Getting Started in Stata - The Chi-Square Test

In Stata there are many different significance tests that will use a chi-square test to report a p-value. For example, the estat hettest command uses a chi-square to determine the likelihood of heteroskedasticity in a regression model. To perform your own chi-square test in Stata you will need two categorical variables saved in a Stata dataset.

Today we are going to show you how to perform a standard Pearson’s chi-square test in Stata, using both drop-down menus and Stata commands. As a new Stata user it is recommended that you start by using the Stata menus to perform your analysis. Each analysis, such as a chi-square test, will show up in your Review pane (on the left side of the Stata screen) as the equivalent Stata command. This allows you to begin learning the general structure of commands and how to use them. Once you become more familiar with commands you will find it is faster and easier to perform your analyses using commands.

I am going to use the Stata Example dataset auto.dta. I load this dataset using the following command:

sysuse auto.dta

Pearson's Chi-Square via Stata Menus:

Statistics > Summaries, tables and tests > Frequency tables > Two-way table with measures of association

Select “rep78” under Row variable

Select “foreign” under Column variable

Click on “Pearson’s chi-squared” under the Test statistics box on the left side (make sure the box is ticked)

Click OK

Pearson's Chi-Square via Stata Commands:

tabulate rep78 foreign, chi2

Output:

Stata prints the following to the Results pane (in the centre of the Stata window):

For this example I have performed a chi-square test on the “rep78” and “foreign” categorical variables.
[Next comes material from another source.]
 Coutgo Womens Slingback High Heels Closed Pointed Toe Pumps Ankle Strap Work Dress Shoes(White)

As the chi-square is run through the tabulate command in Stata the standard output is to provide a count breakdown across the rep78 and foreign variables. Below this table is the results of the chi-square test. The number in brackets after “Pearson chi2” is the degrees of freedom for this test, which is 4 in this case. The number after “Pearson chi2(4) =” is the chi-square value generated by the test. The number after “Pr =” is the p-value.

This example chi-square test has given a p-value of 0.000. In Stata this does not mean the p-value was zero, but rather it was less than 0.00005 and so Stata has rounded down. If you would like to see the actual p-value generated by the test you can use the command return listto list the values Stata saved when it ran the test. The value printed next to “r(p) =” in the Results pane is the actual p-value the chi-square test generated.
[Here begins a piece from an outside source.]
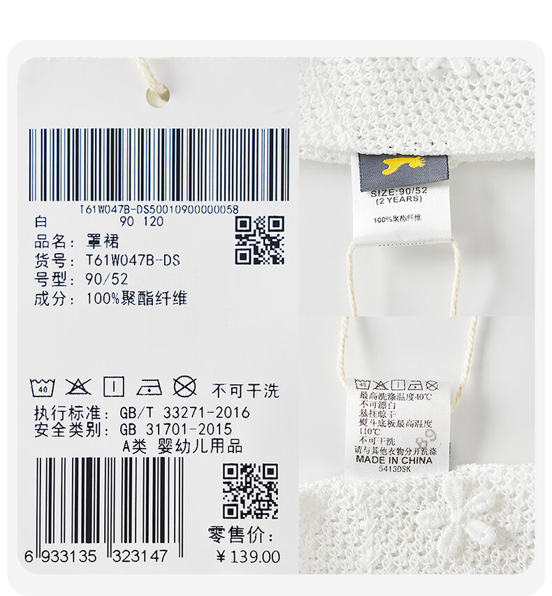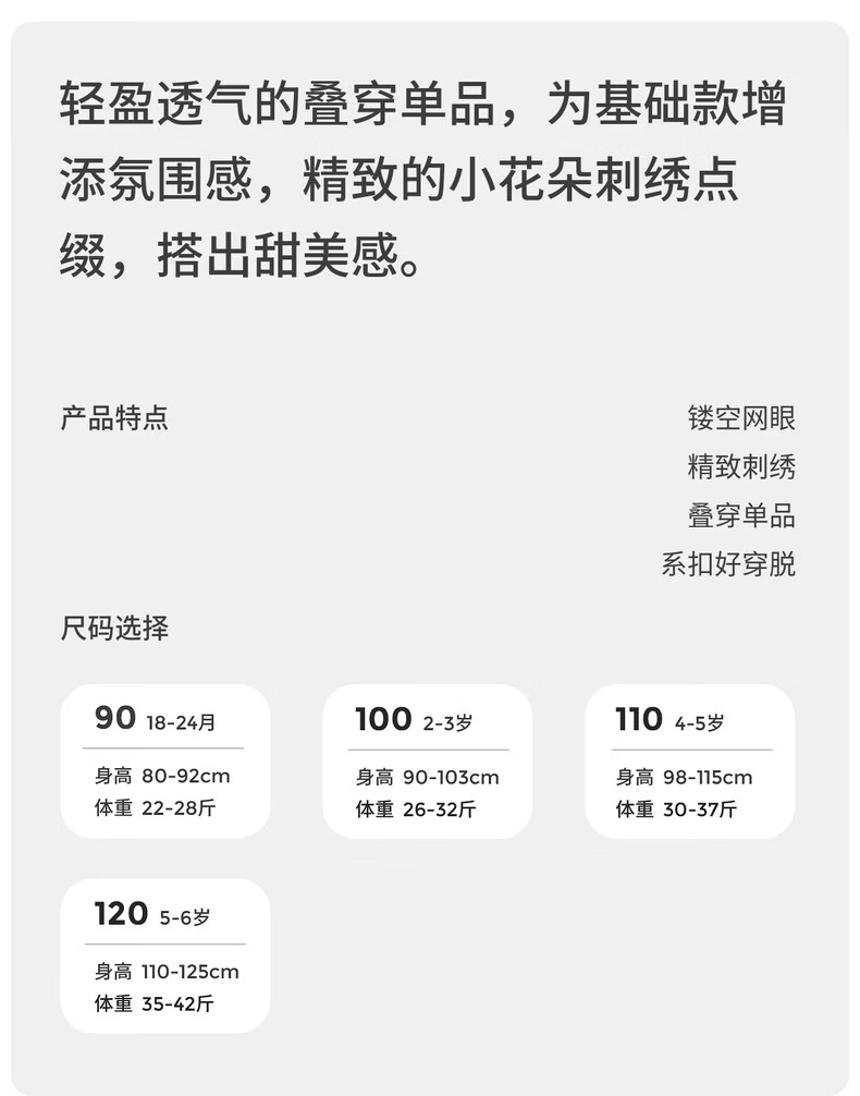 Tongtai (TONGTAI) baby girl dress spring and autumn children's clothing girls outer wear lace cover skirt mesh jacquard vest dress white 90

Please note that these special r values will change after each command you run in Stata. If you want to see the p-value associated with this test, the return list command must be run immediately after running the chi-square test. I ran the return list command in Stata after the test above and it gave the following output:

From this we can see our p-value was 0.0000175… which is not quite zero, but pretty close to it. From an analysis perspective it doesn’t much matter to me if my p-value is actually zero, or only almost zero. How I proceed in my analysis will not change. However, when reporting results it is best to give the actual value rather than an approximate value.
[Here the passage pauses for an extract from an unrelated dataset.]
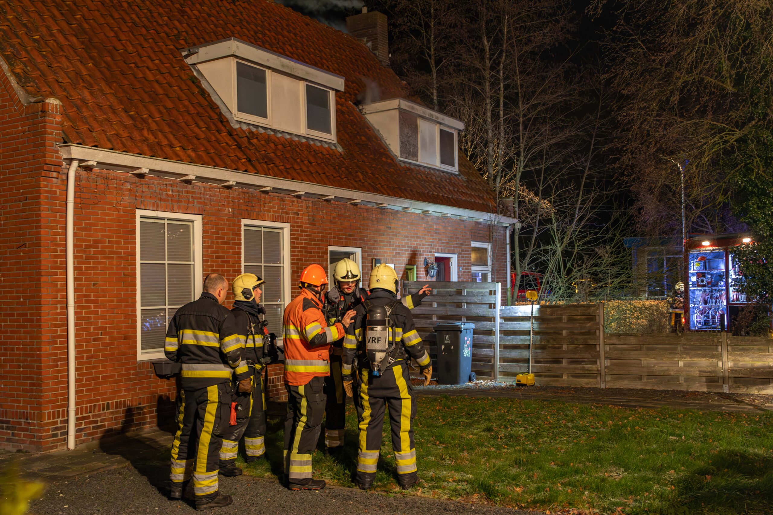 Bij aankomst van de eerste tankautospuit sloegen de vlammen al uit de twee-onder-een-kapwoning. De brandweer startte direct met bluswerkzaamheden en had de brand op de begane grond snel onder controle. De woning van de buren heeft rookschade opgelopen en is geventileerd.

If you would like more information about your chi-square, you can also have Stata report the chi-square values within the table. If you are going through the menus, additionally select “Pearson’s chi-squared” from the Cell contents box on the right side of the menu box (pictured above). If you are using the command line, add the option “cchi2” to your command, so tabulate rep78 foreign, chi2 becomes tabulate rep78 foreign, chi2 cchi2. This will print the same table as above with the addition of the chi-square values printed beneath the count values.

When running this test on your own data, make sure to replace the variable names shown above with your own variables. Also, make sure you are using categorical variables for this test. If you have a continuous variable you want to use with this test you will first need to transform it into a categorical variable. See The Cut Function tech tip for information on how to separate a continuous variable into a categorical one.